Formed in 1958, the UI Percussion Ensemble performs musical styles ranging from ragtime and jazz to 20th century concert idioms and traditional musical styles from Africa, the Caribbean, Latin America and Asia. With an extensive array of instruments, Percussion Ensemble performances are known for their variety and fast-paced programming, presented with humor, drama and old-fashioned showmanship.
Born in Portland, Ore., in 1917, Harrison grew up in the culturally diverse San Francisco Bay Area. There he was influenced by Cantonese opera, Gregorian chants and the music of California's Spanish and Mexican cultures. Harrison also developed an interest in Indonesian Gamelan music through early recordings.
As a young man, Harrison worked as a dancer and a dance accompanist. His early compositions included a large body of percussion music, combining Western, Asian, African and Latin American rhythmic influences with homemade 'junk' instruments. During this period, Harrison worked closely with Cage and began studies in Los Angeles with Arnold Schoenberg.
A move to New York in the 1940s brought Lou Harrison to the Herald Tribune as music critic. Here he helped to bring attention to the music of Charles Ives, then virtually unknown and today acknowledged as one of America's most significant composers. Harrison also embarked on a study of early European music during this period. By the early 1950s he had moved back to California, where he lived for the rest of his life.
Harrison's most significant contributions to the contemporary musical scene were his interest in Asian music, and particularly the Indonesian gamelan, and his promotion through compositions and performances of music for percussion alone. Harrison died suddenly in the evening of Feb. 2, 2003, while traveling on California Zephyr from the West Coast to Chicago, en route to a festival in his honor at the Ohio State University.
An extensive archive of information on Harrison and his music has been maintained on the web by San Jose State University, at http://www.music.sjsu.edu/links/harrison/ .
One of the most active performing groups at the UI School of Music, the Percussion Ensemble presents concerts and educational programs on campus and across Iowa. Each year the group performs for hundreds of Iowa school children through the UI Arts Share program.
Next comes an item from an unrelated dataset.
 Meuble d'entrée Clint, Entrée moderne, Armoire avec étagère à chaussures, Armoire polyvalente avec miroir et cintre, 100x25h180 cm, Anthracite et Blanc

An internationally known percussionist, composer and teacher, Moore has experience from concert to marching percussion, and from jazz to classical styles. Performing all aspects of percussion, including keyboard percussion, drum set, ethnic and multi-percussion, he is considered a "total percussionist."
In 1998 Moore received a grant from the UI Central Investment Fund for Research Excellence to produce a CD of his arrangements of the Percussion Pops music of legendary percussionist Dick Schory, a pioneer of the contemporary percussion ensemble. "Percussion Pops 2000 presents Jungle Fever: The Music of Dick Schory" was recorded by the UI Recording Studios and released in 1999.
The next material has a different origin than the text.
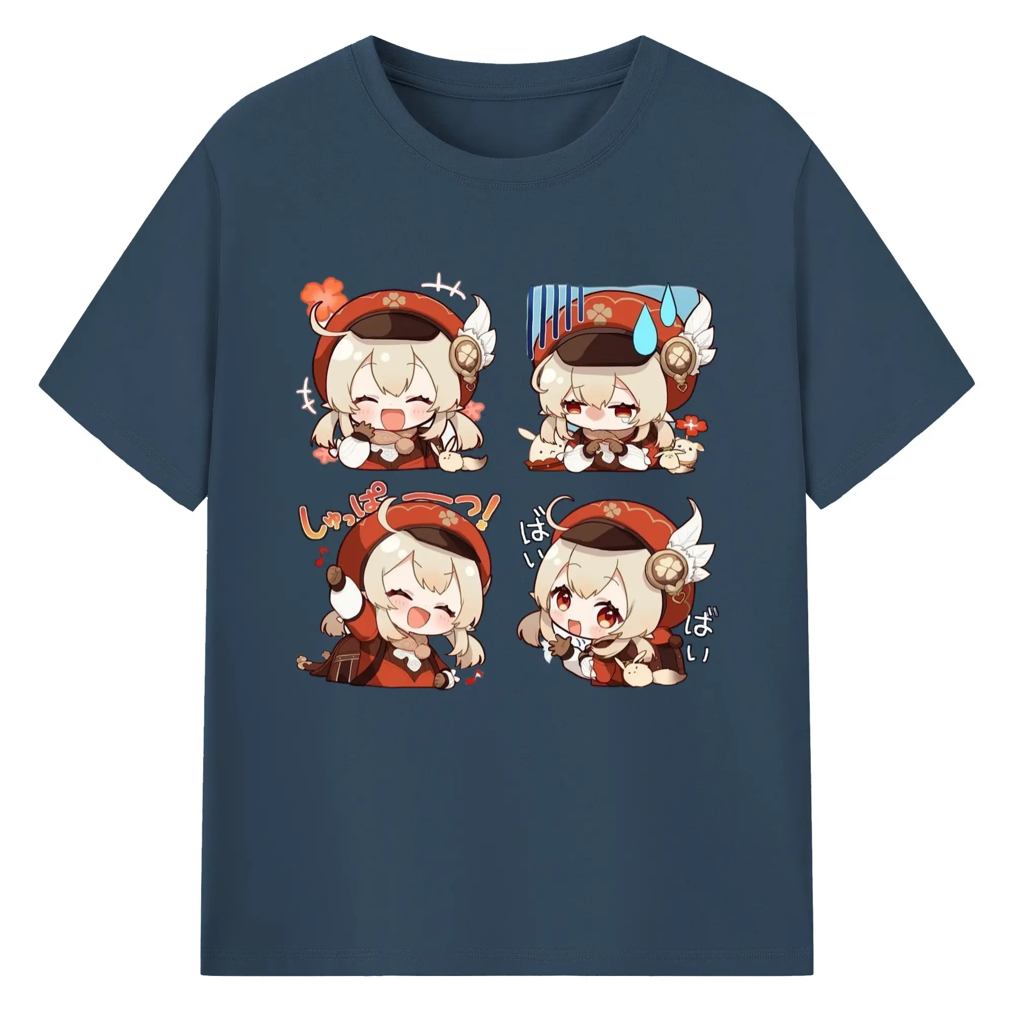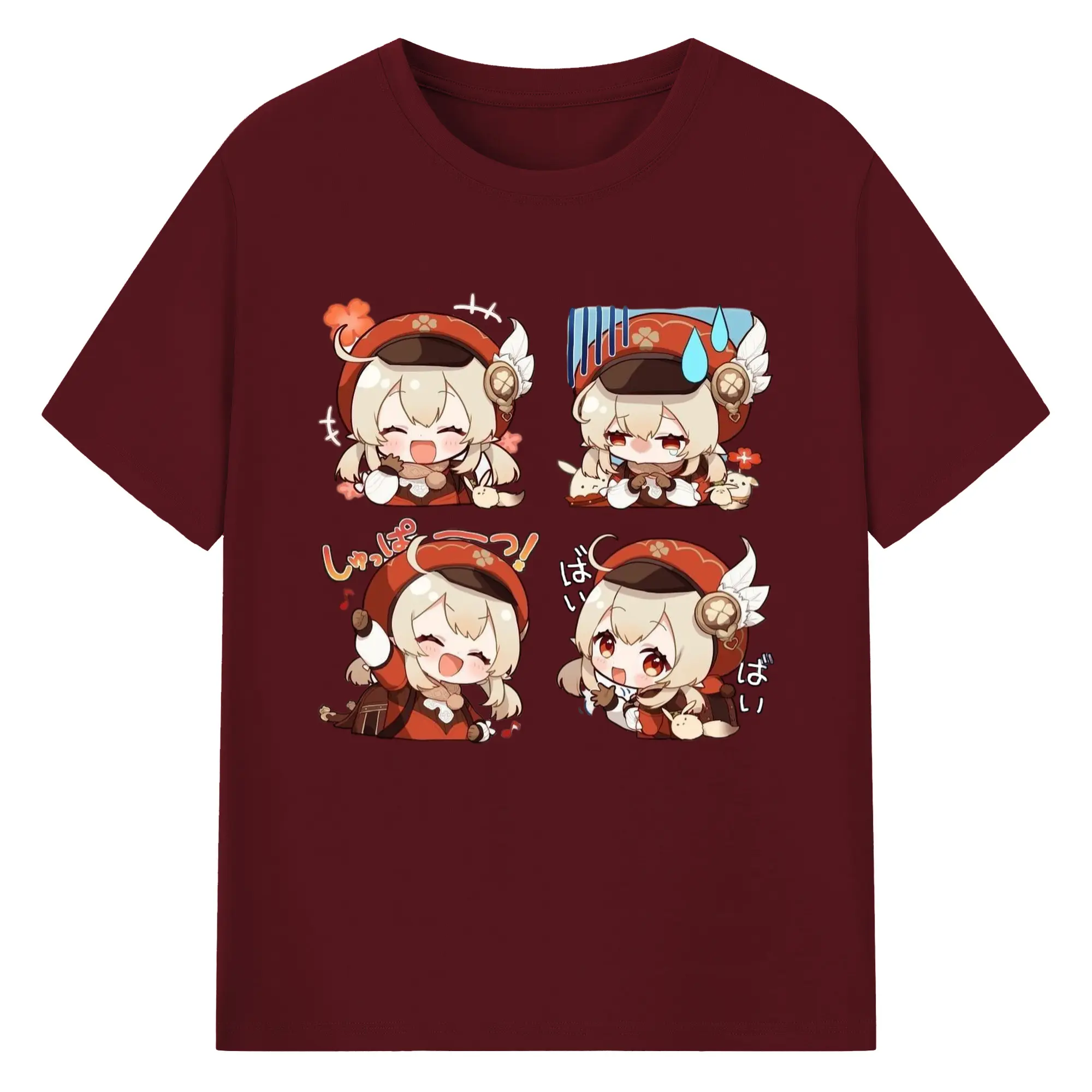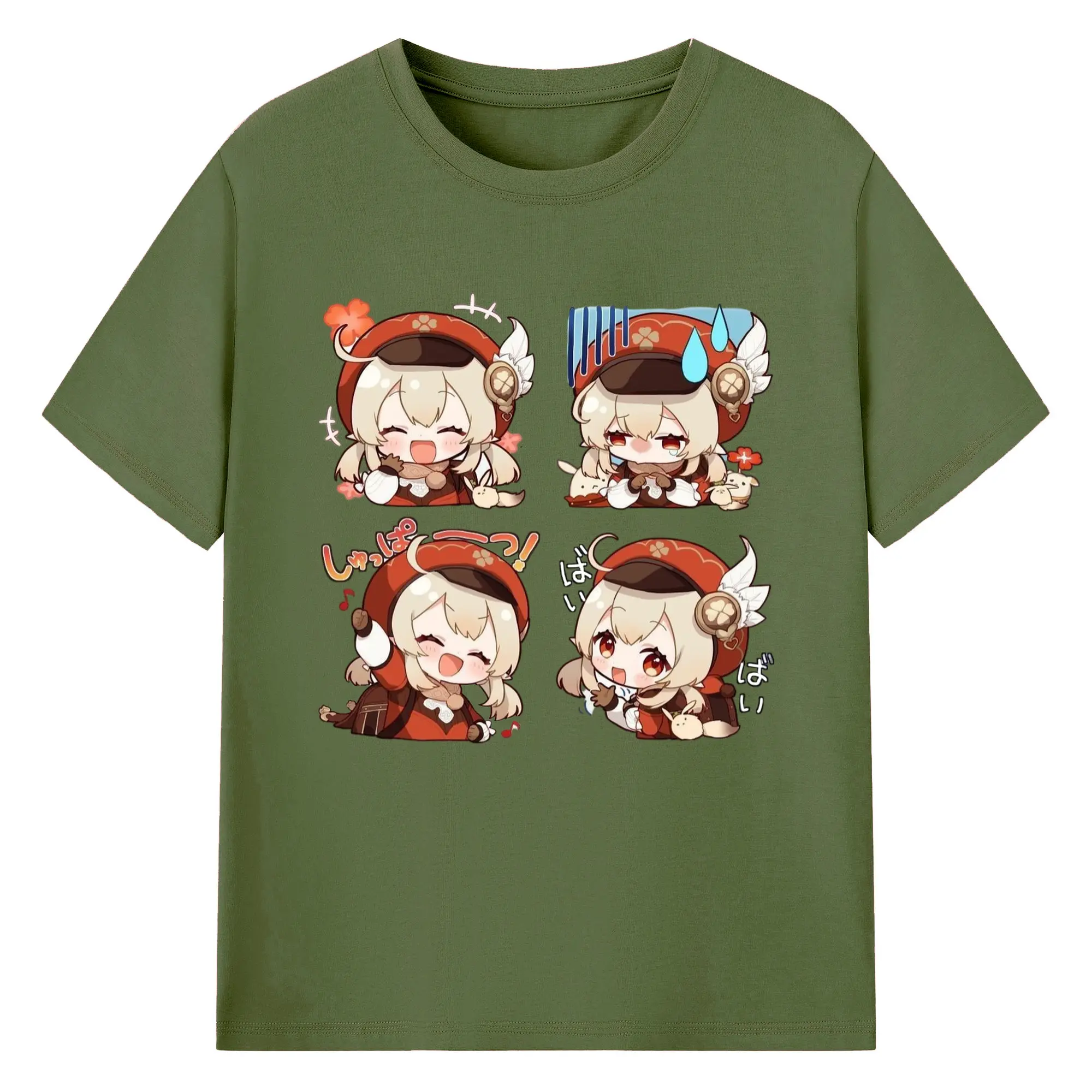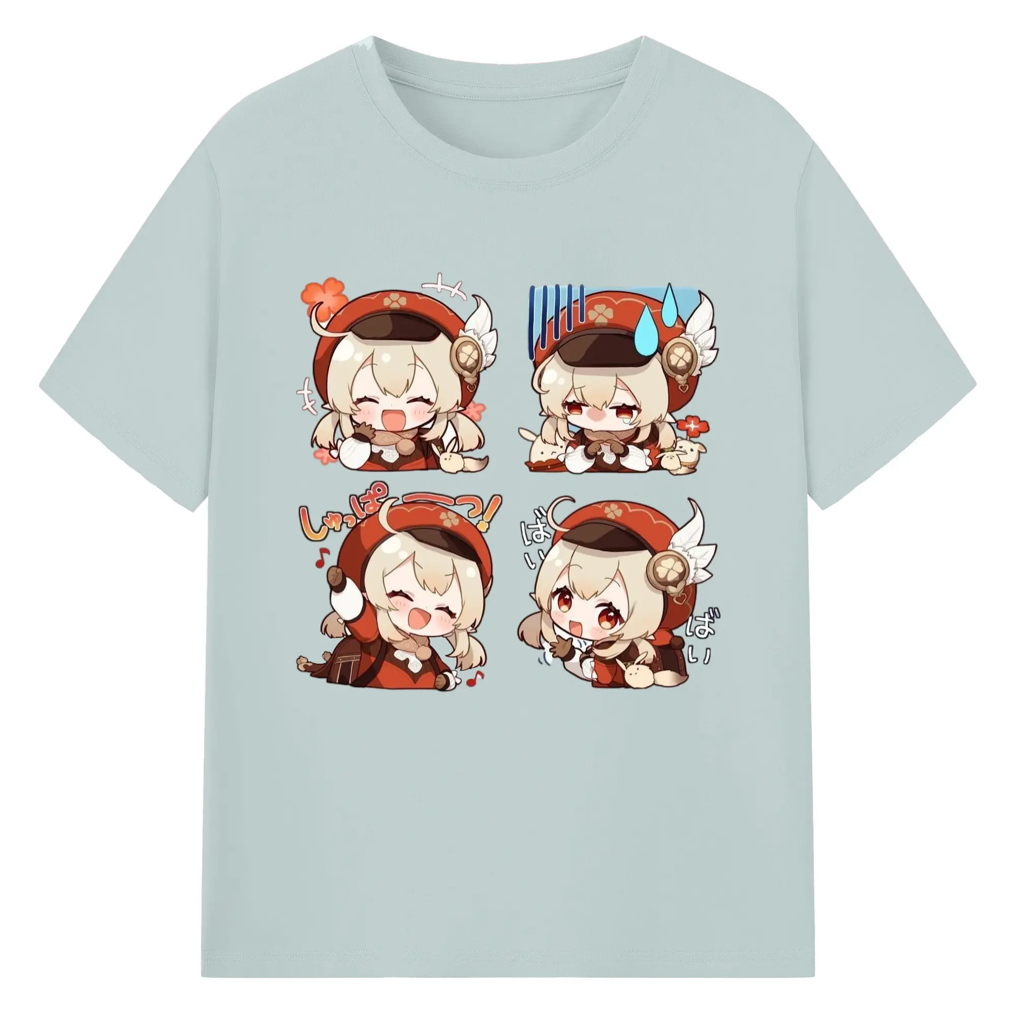 Genshin モンド クレーちゃん 4コマ写真 - 綿100% 半袖Tシャツ ・ フロントプリント ・ 快適 通気性 ・ 日常使い 散歩 スポーツ用

Moore joined the UI music faculty in 1996. Only the second full-time professor of percussion at the UI, he succeeded Thomas L. Davis, who taught percussion at the UI for more than 35 years. He is a performing artist for the Yamaha Corporation of America, Sabian Ltd., and Innovative Percussion. He has written for Jazz Player, Sticks and Mallets and Percussive Notes magazines.
Prior to coming to the UI, Moore taught percussion at Montana State University and completed work for a doctorate in percussion at the University of Kentucky.
The School of Music is part of the Division of Performing Arts in the UI College of Liberal Arts and Sciences.